Who exactly are venture capitalists?
Venture Capitalist firms consist of partners who invest in a venture capital fund, guided by the framework of limited partnerships. The fund itself is handled by a committee that makes investment-related decisions. At times, pension funds, foundations, corporate pension funds, insurance companies, foundations, and high-net-worth individuals may pool together their funds to be controlled by venture capital firms. Though all partners own part of the fund, it is the firm that decides where the funds would be invested. The firm picks investment opportunities based on what most banks or capital markets would consider high-risk investments.
Growth in India’s venture capital space
According to Bain & Company’s India Venture Capital Report for 2022, venture capital deal value peaked at $39.5 billion in 2021 – growing 4x times in a single financial year. As India’s startup ecosystem reached an inflection point, the total number of deals grew two-fold from 809 in 2020 to 1,545 in 2021. The average deal size too saw a jump from $12.4 million to $24.9 million.

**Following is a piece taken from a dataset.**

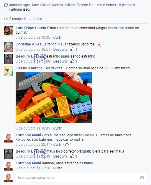Até que meus contatos têm interagido bastante com os testes que realizei, mas a ideia é que, pelo excesso de testes postados, esse número de intervenções diminua e o absurdo substitua todas as leituras possíveis sobre os atos por trás desses testes.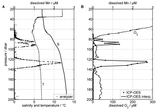 Figure 6A shows the vertical profile of dissolved Mn obtained in the central Gotland Basin as well as corresponding temperature and salinity data. The lag time of the analyzer—defined as the time the sample needs from sample intake to the absorption cell—was determined to be t = 8.2 s, and was used for the synchronization with the CTD data. The dissolved Mn(II) concentrations in Figure 6A were calculated using the calibration shown in Figure 5, as the in situ calibration had to be discarded due to malfunctioning blank and standard pumps. The measured frequency values (proportional to light intensities on the detector) between 45 m and 50 m depth were averaged (n = 48) and taken as blank value (f). Absorbances were then calculated by taking the ratio of f and the measured frequency values between 50 m and 200 m depth (f/f to f/f). As we took a high resolution vertical profile of bottle samples with the pump-CTD, during this profile a field validation can be carried out by comparing the analyzer results with those of ICP-OES analyses of the bottle samples (Figure 6B).

The multiplier effect was also felt strongly within the startups with 44 startups in India reaching unicorn status with a valuation to the north of $1 billion dollars. Some of the key drivers could be attributed to the development of digital infrastructures like cheap access to data, UPI, eKYC, and Aadhar. This opened up huge opportunities for economic growth, enabling India’s startup ecosystem. Additionally, investors have rebooted their confidence with public listings gaining momentum. Lastly, regulatory crackdowns in China too diverted some investment flow towards India.